• [EXERCISE BRIEF]:
The whole listing that follows is to be restated word for word, images excluded.

• [DATASET CONTENT]:
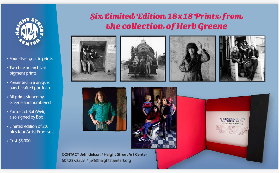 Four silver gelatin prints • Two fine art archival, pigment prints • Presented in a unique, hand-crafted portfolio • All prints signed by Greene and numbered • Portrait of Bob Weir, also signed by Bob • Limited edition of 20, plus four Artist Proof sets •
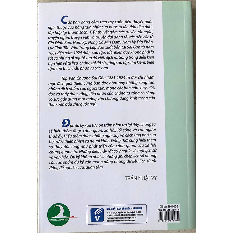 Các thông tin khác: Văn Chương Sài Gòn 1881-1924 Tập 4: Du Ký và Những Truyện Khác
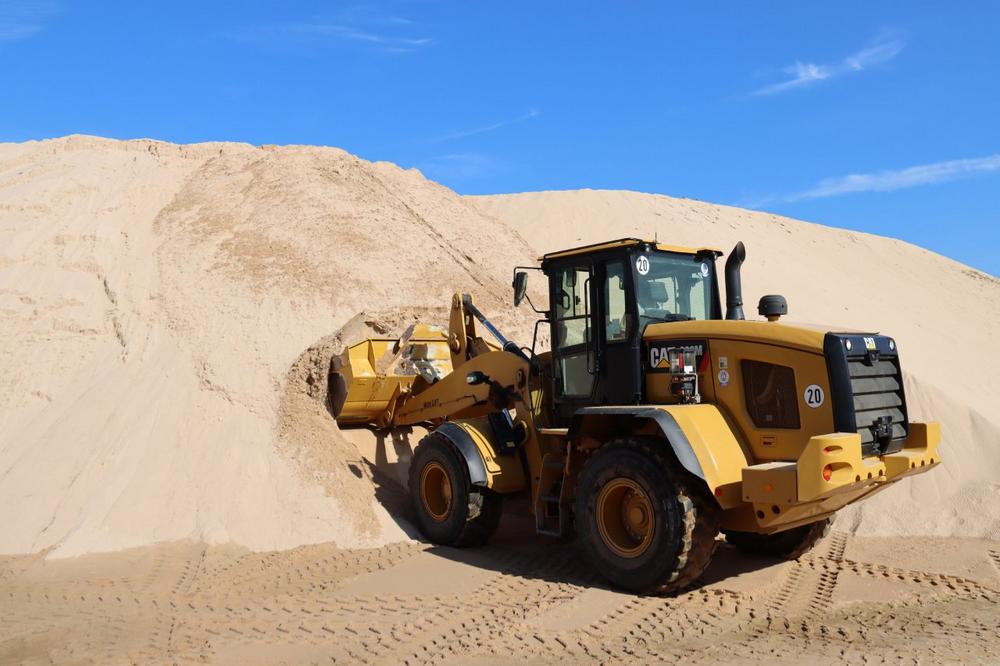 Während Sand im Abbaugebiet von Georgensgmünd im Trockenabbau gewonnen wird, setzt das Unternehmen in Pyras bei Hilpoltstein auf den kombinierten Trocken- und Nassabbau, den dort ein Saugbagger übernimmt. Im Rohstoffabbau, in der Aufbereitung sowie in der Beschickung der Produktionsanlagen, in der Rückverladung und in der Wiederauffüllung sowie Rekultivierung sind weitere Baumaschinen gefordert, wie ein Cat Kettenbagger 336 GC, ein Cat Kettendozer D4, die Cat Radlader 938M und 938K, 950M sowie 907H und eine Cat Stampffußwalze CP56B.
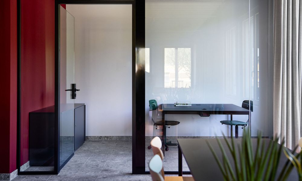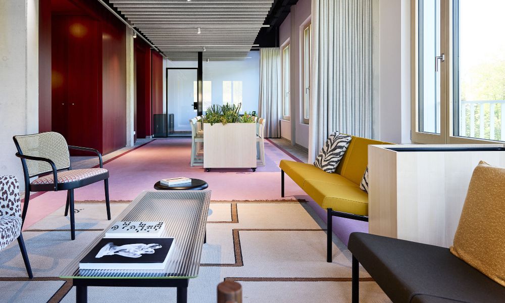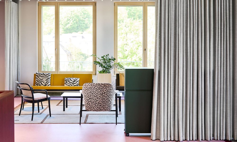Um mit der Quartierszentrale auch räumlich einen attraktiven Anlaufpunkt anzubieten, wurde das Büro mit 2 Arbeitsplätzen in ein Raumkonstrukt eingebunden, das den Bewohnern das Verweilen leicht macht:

• [EXERCISE RESPONSE]:
 Four silver gelatin prints • Two fine art archival, pigment prints • Presented in a unique, hand-crafted portfolio • All prints signed by Greene and numbered • Portrait of Bob Weir, also signed by Bob • Limited edition of 20, plus four Artist Proof sets •
 Các thông tin khác: Văn Chương Sài Gòn 1881-1924 Tập 4: Du Ký và Những Truyện Khác
 Während Sand im Abbaugebiet von Georgensgmünd im Trockenabbau gewonnen wird, setzt das Unternehmen in Pyras bei Hilpoltstein auf den kombinierten Trocken- und Nassabbau, den dort ein Saugbagger übernimmt. Im Rohstoffabbau, in der Aufbereitung sowie in der Beschickung der Produktionsanlagen, in der Rückverladung und in der Wiederauffüllung sowie Rekultivierung sind weitere Baumaschinen gefordert, wie ein Cat Kettenbagger 336 GC, ein Cat Kettendozer D4, die Cat Radlader 938M und 938K, 950M sowie 907H und eine Cat Stampffußwalze CP56B.
Um mit der Quartierszentrale auch räumlich einen attraktiven Anlaufpunkt anzubieten, wurde das Büro mit 2 Arbeitsplätzen in ein Raumkonstrukt eingebunden, das den Bewohnern das Verweilen leicht macht:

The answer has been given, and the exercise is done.